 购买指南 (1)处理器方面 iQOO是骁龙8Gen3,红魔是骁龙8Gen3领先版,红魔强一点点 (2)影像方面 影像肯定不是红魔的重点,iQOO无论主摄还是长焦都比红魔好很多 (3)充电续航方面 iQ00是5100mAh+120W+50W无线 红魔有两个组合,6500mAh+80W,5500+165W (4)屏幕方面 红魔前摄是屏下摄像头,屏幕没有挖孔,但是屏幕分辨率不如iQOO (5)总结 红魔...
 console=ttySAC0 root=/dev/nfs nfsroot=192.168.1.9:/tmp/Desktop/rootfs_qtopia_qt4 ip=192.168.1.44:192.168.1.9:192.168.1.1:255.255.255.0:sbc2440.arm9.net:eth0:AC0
==
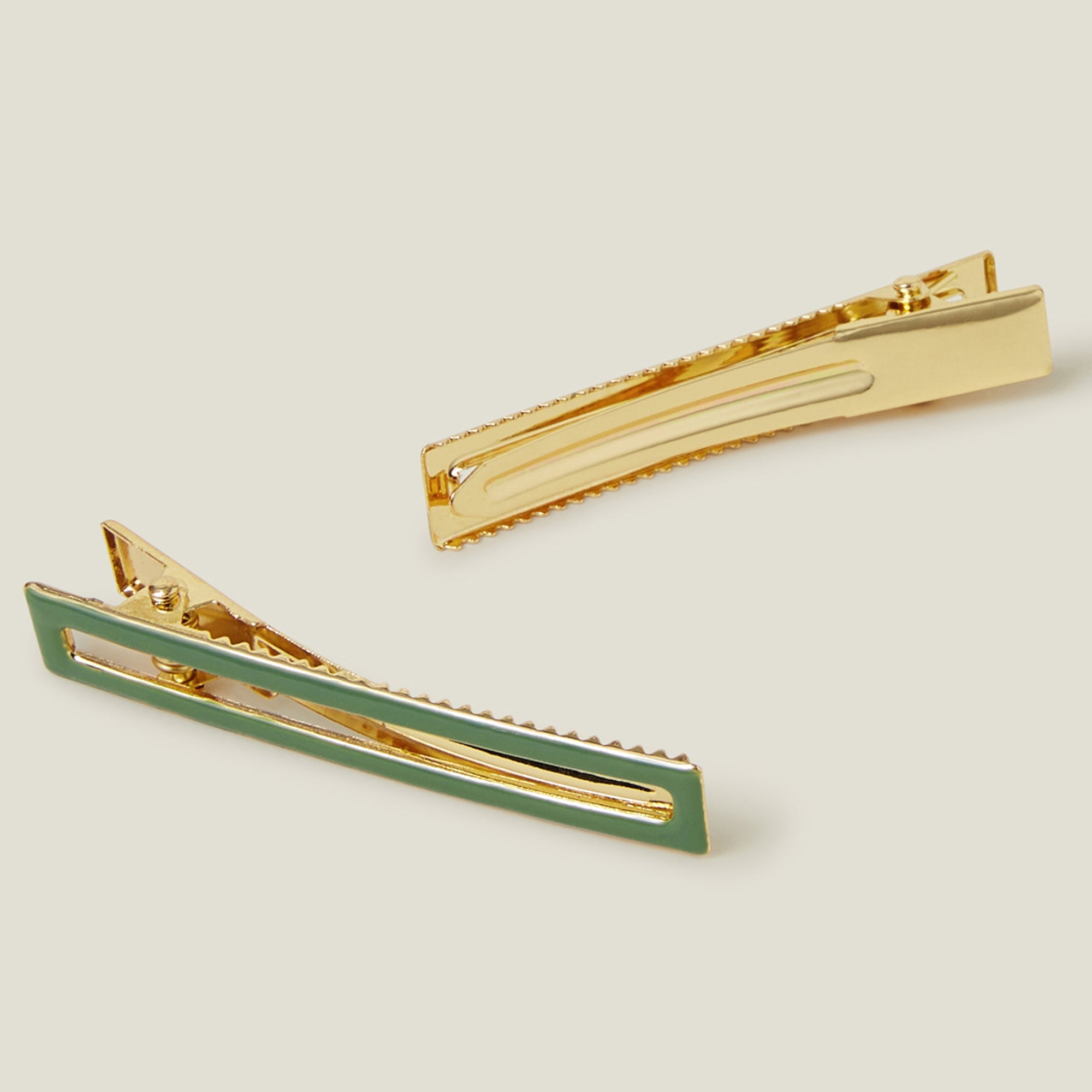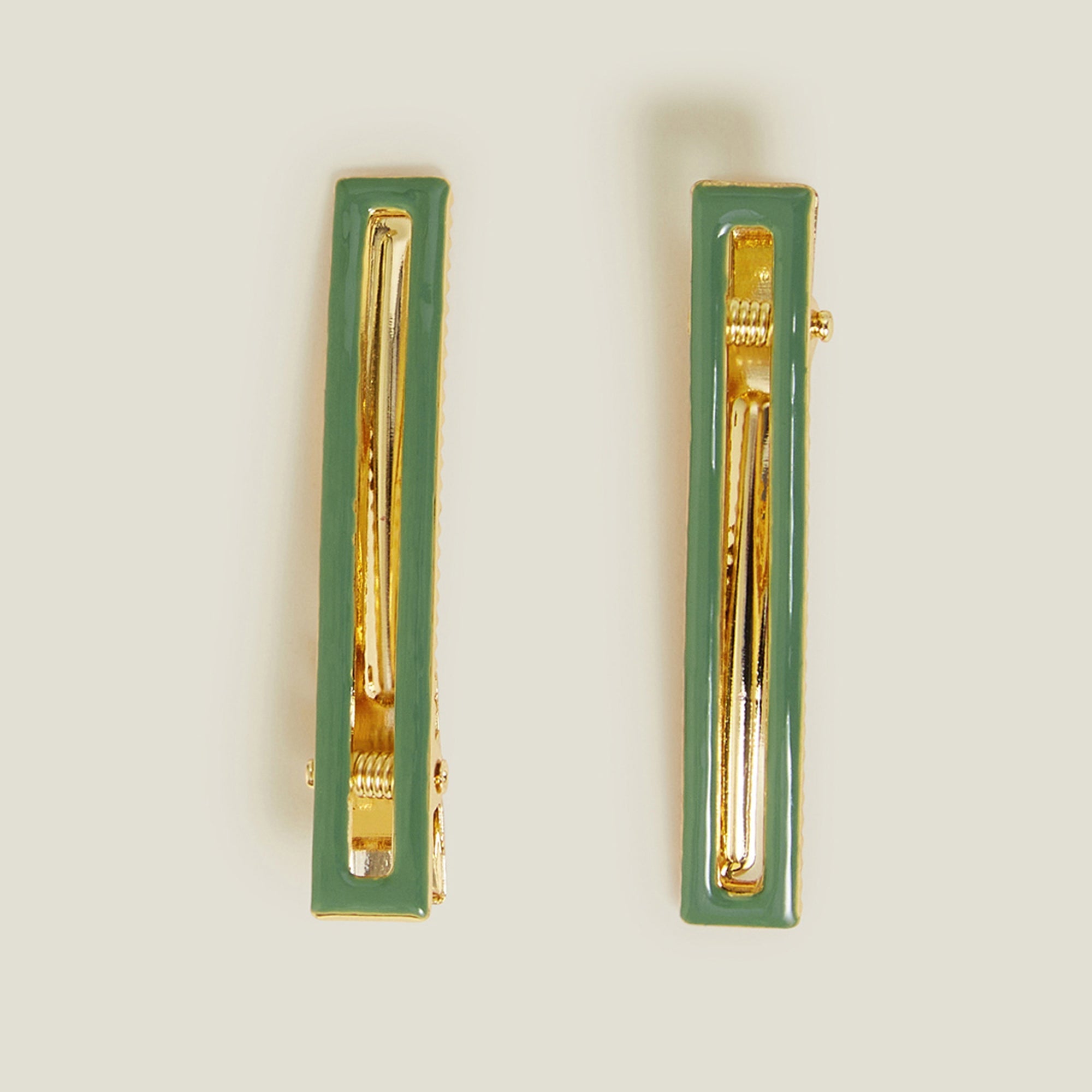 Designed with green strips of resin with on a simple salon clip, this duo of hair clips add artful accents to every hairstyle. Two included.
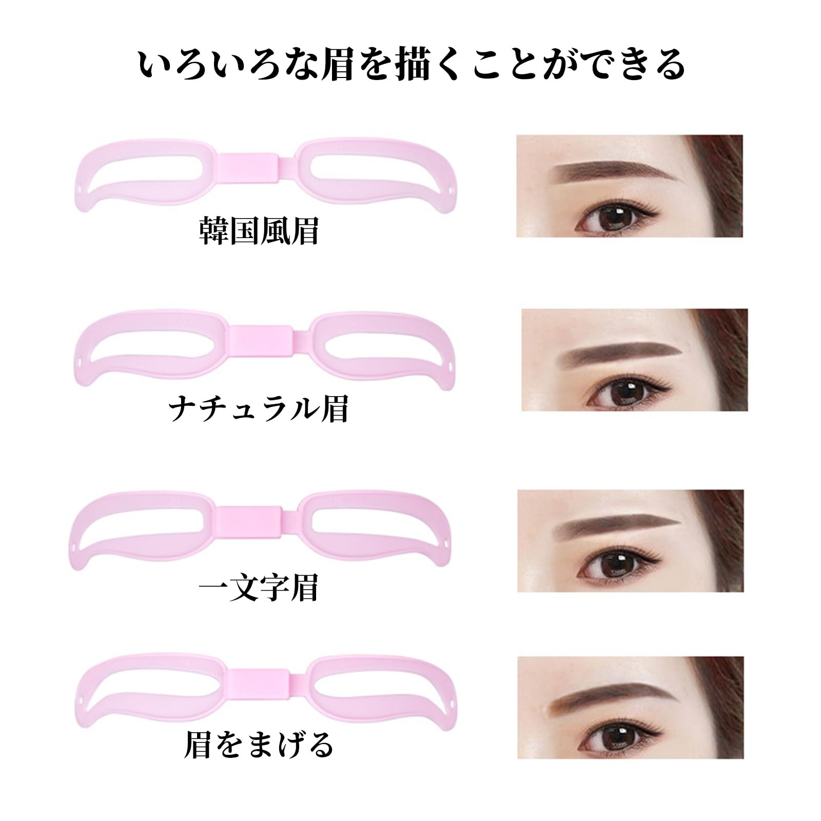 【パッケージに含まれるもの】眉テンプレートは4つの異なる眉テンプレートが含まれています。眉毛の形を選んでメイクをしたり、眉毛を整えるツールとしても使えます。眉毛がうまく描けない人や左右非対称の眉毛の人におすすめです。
* * *
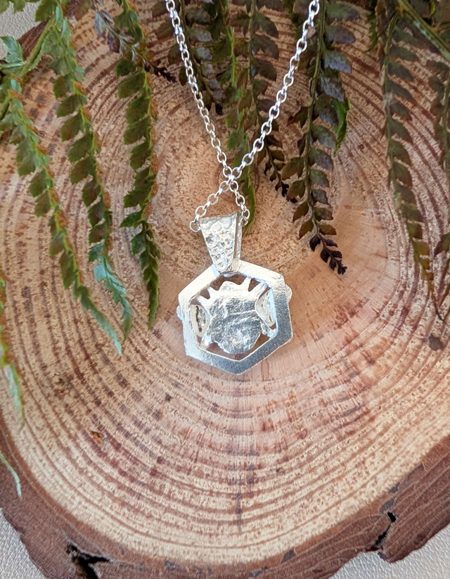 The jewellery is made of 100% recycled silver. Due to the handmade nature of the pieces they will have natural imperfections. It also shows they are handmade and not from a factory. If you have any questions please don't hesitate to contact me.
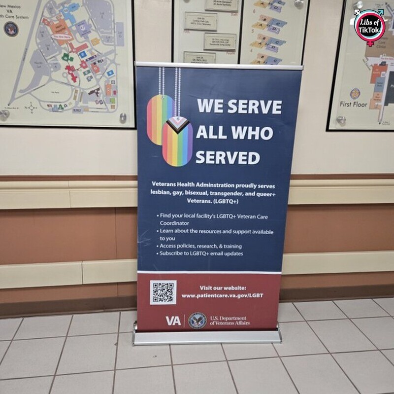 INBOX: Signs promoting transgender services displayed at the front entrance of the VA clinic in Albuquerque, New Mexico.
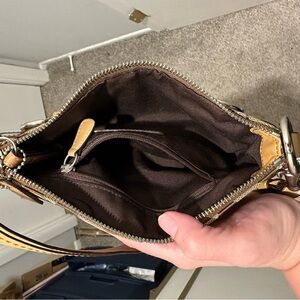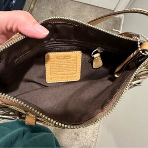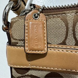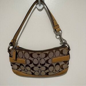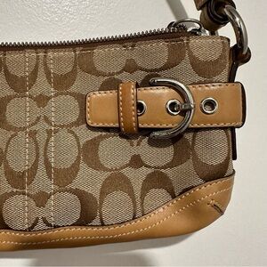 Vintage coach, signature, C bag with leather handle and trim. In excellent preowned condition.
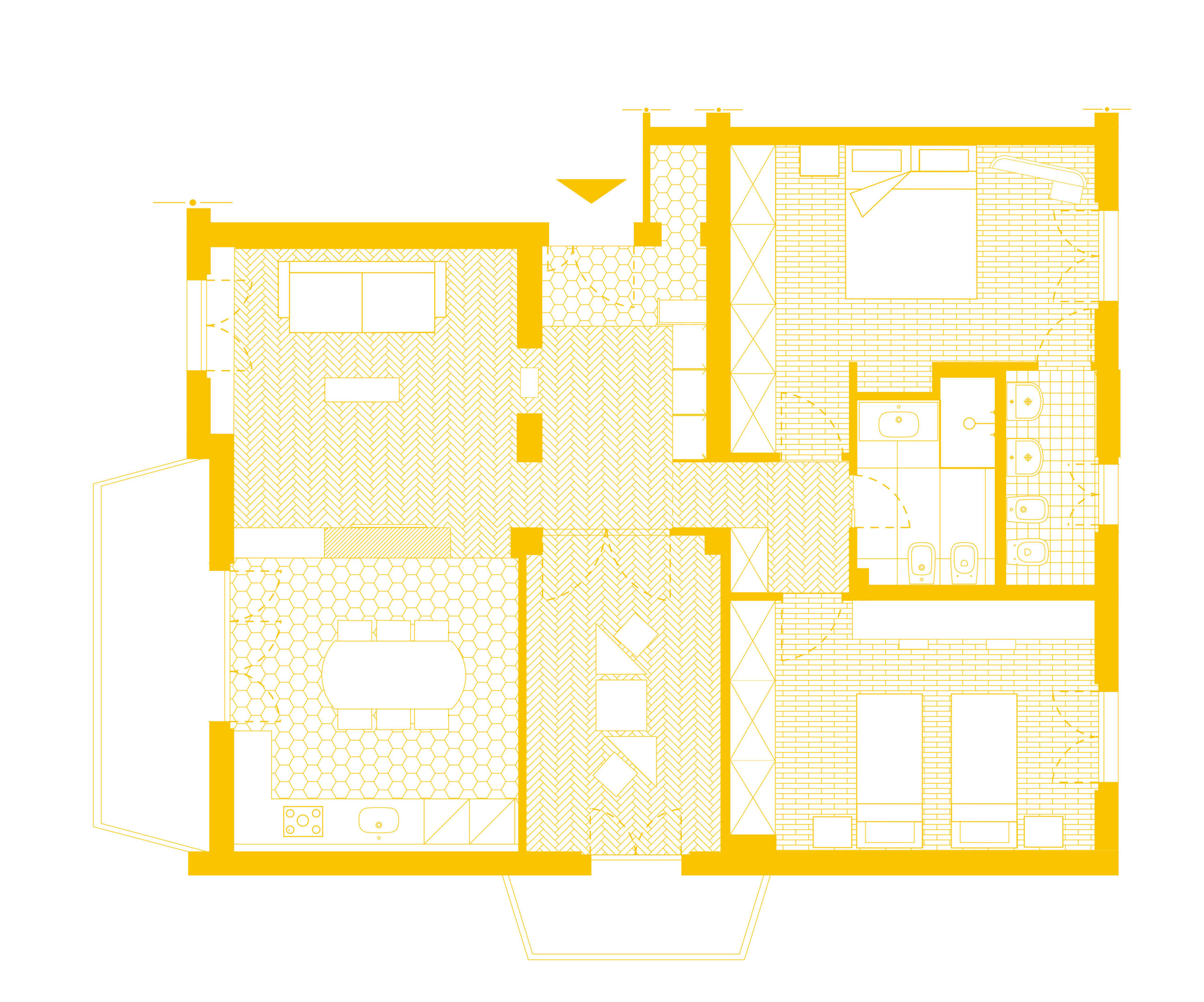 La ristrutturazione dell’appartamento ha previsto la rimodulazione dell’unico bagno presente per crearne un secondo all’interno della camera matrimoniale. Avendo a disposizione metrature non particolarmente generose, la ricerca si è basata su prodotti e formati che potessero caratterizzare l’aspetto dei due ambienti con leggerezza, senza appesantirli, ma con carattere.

WHAT IS EXPECTED: When copying from the data above, begin at the line containing "INBOX: Signs promoting" and end at the line containing "La ristrutturazione dell’appartamento"; return those lines exactly and leave all pictures behind.

RESPONSE AREA:
 INBOX: Signs promoting transgender services displayed at the front entrance of the VA clinic in Albuquerque, New Mexico.
 Vintage coach, signature, C bag with leather handle and trim. In excellent preowned condition.
 La ristrutturazione dell’appartamento ha previsto la rimodulazione dell’unico bagno presente per crearne un secondo all’interno della camera matrimoniale. Avendo a disposizione metrature non particolarmente generose, la ricerca si è basata su prodotti e formati che potessero caratterizzare l’aspetto dei due ambienti con leggerezza, senza appesantirli, ma con carattere.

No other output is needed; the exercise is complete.